Multi-Criticality Real-time Systems

Multi-Criticality Real-time Systems is a research activity of the Trustworthy Systems project inside the Software System Research Group (SSRG).

• Aim: develop a trustworthy platform for building multi-criticality real-time systems.

• Overview: Many trusted systems (i.e. systems whose safety, security or reliability we trust) must deliver a response to an external stimulus within a certain time period, and are therefore critical real-time systems. These include medical implants (e.g. pacemakers), avionic systems and industrial controllers. A failure to perform a computation or operation within a given time may have catastrophic consequences in these environments.

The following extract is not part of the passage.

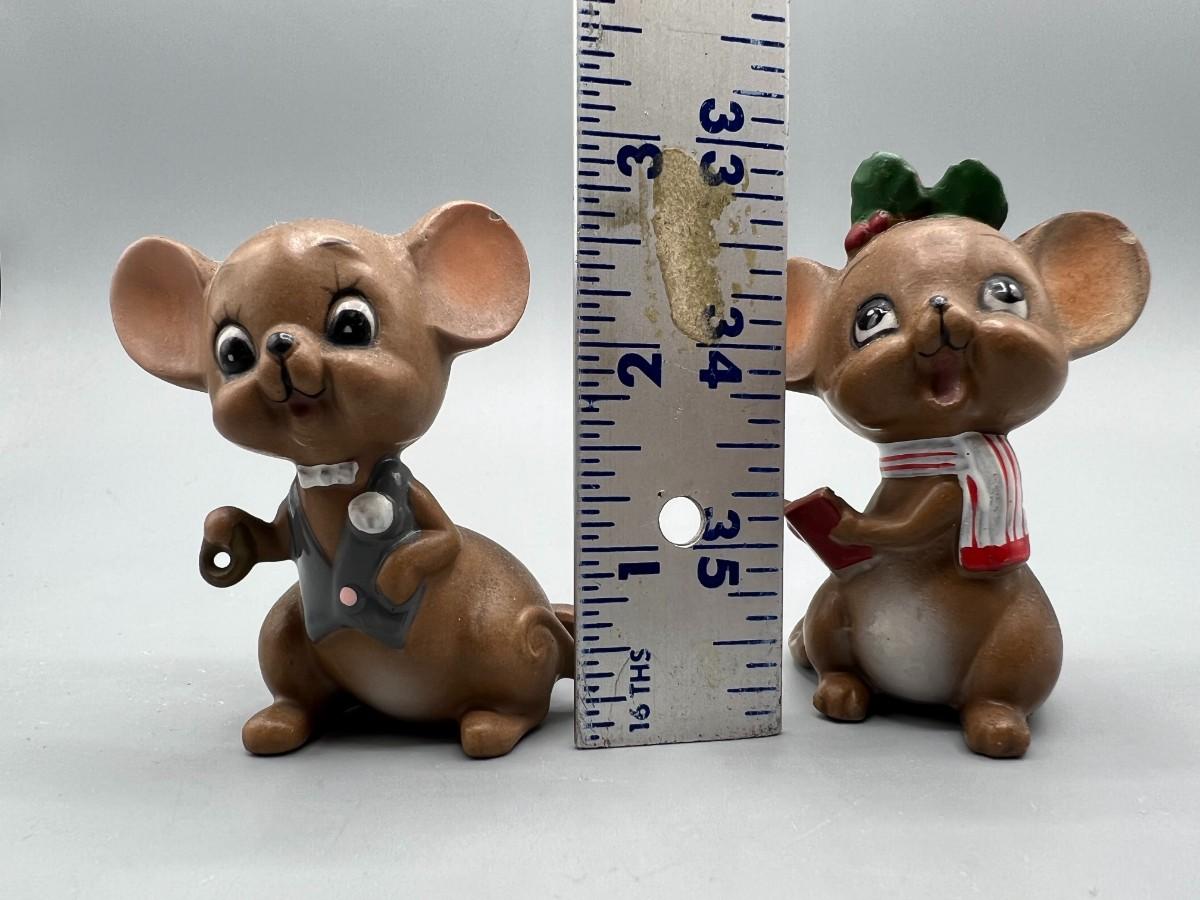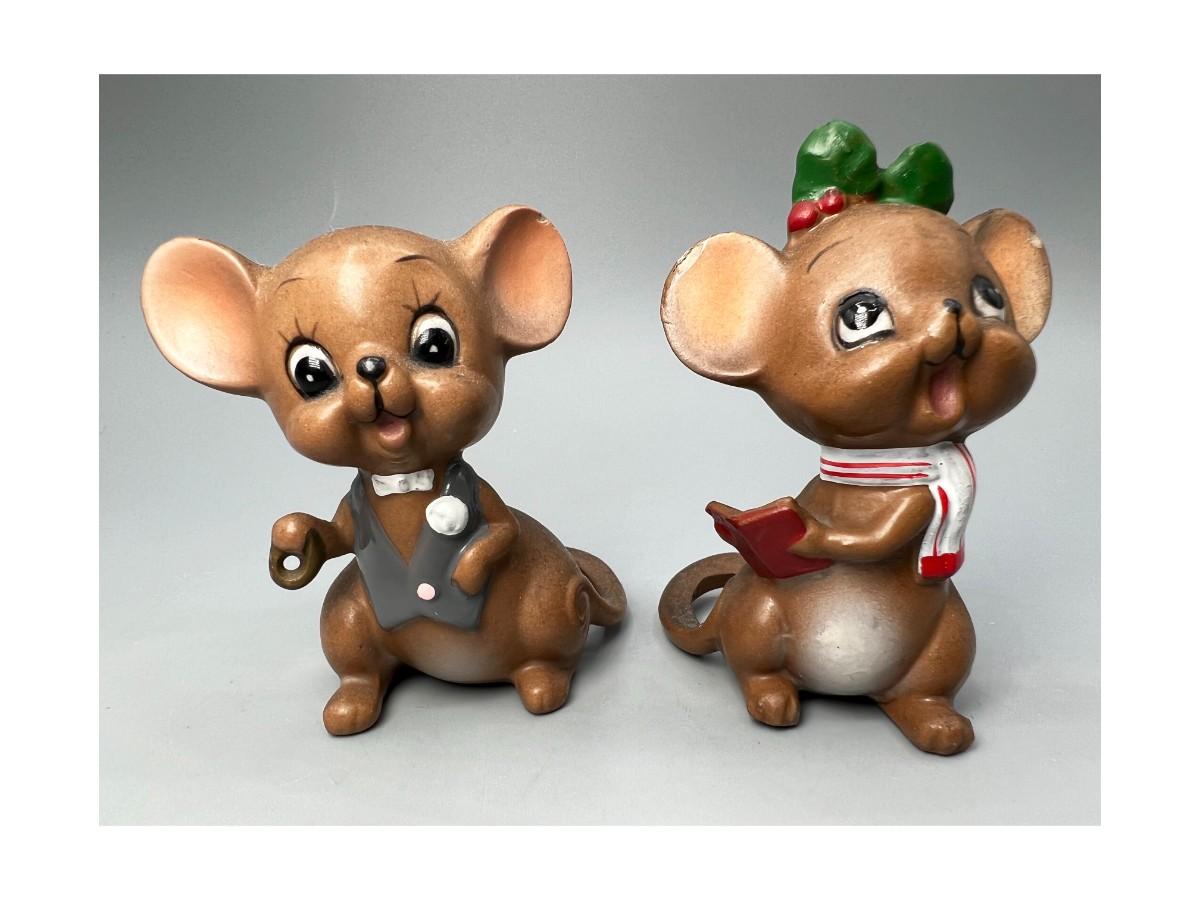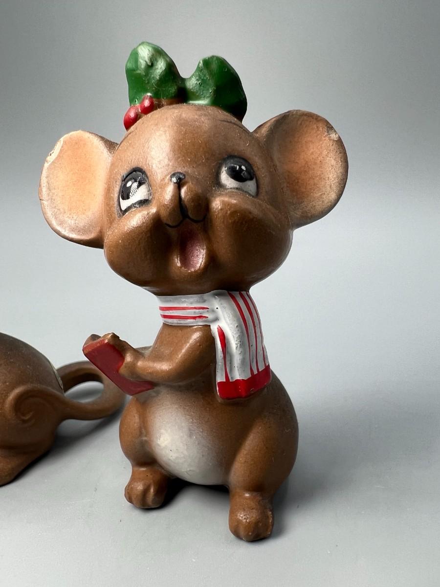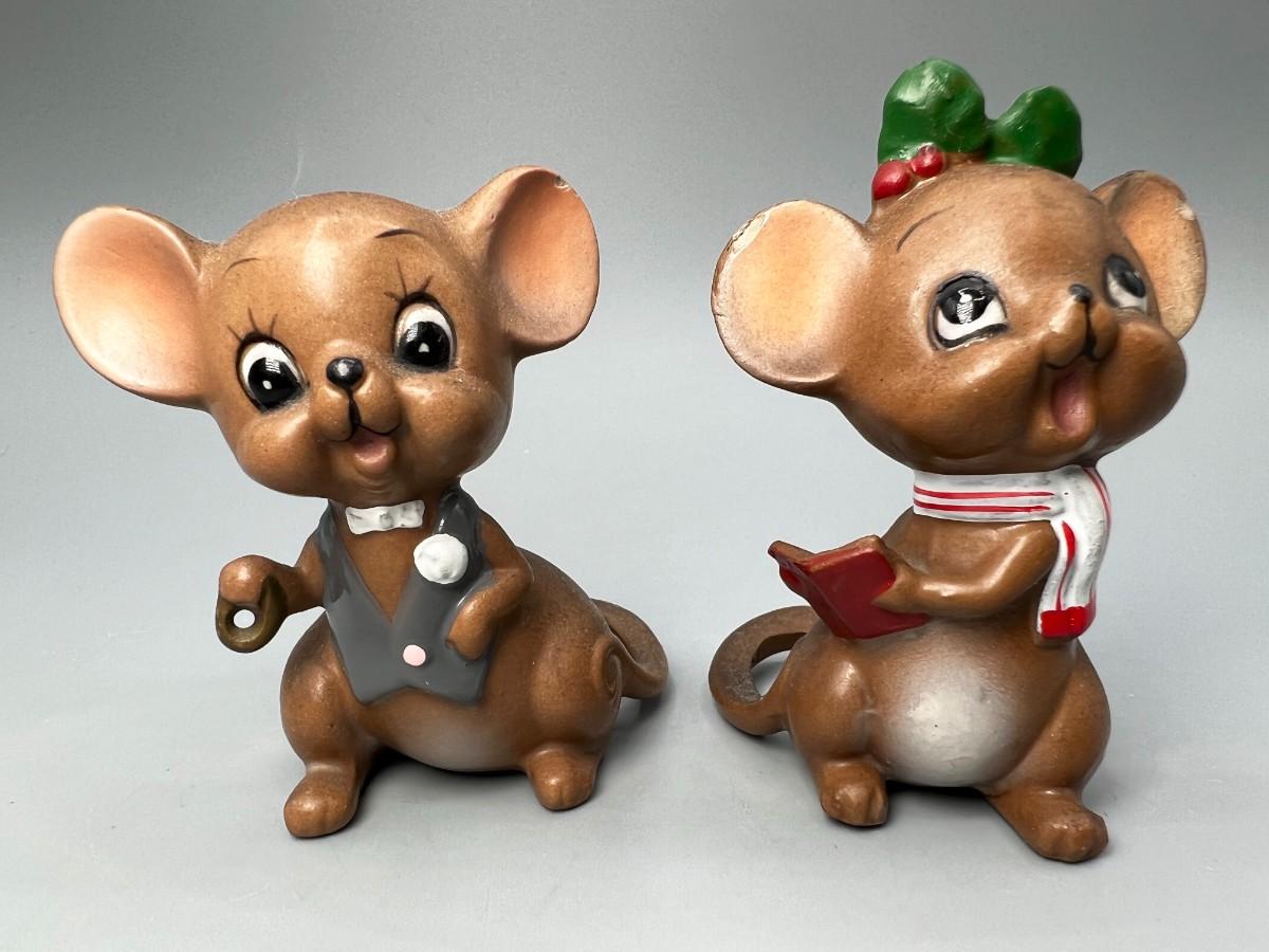 Vintage Josef Originals Mouse Village Wedding Groom & Caroling Christmas Ceramic Mice Figurines

  Such systems are increasingly complex. An example are wearable or implanted medical devices, which combine life-supporting functionality with user interfaces to allow monitoring by the patient or network drivers and protocol stacks for remote monitoring. Other devices contain multiple real-time functions with different levels of criticality, such as automotive safety and control systems.

  Subsystems of different criticality must be strongly isolated, in order to prevent malfunction of a less critical function affecting a highly-critical one. This isolation is often achieved by physical separation, however, this is frequently impossible, due to space and energy constraints (e.g. in medical implants) or where the number of different functions is becoming too large (e.g. in cars).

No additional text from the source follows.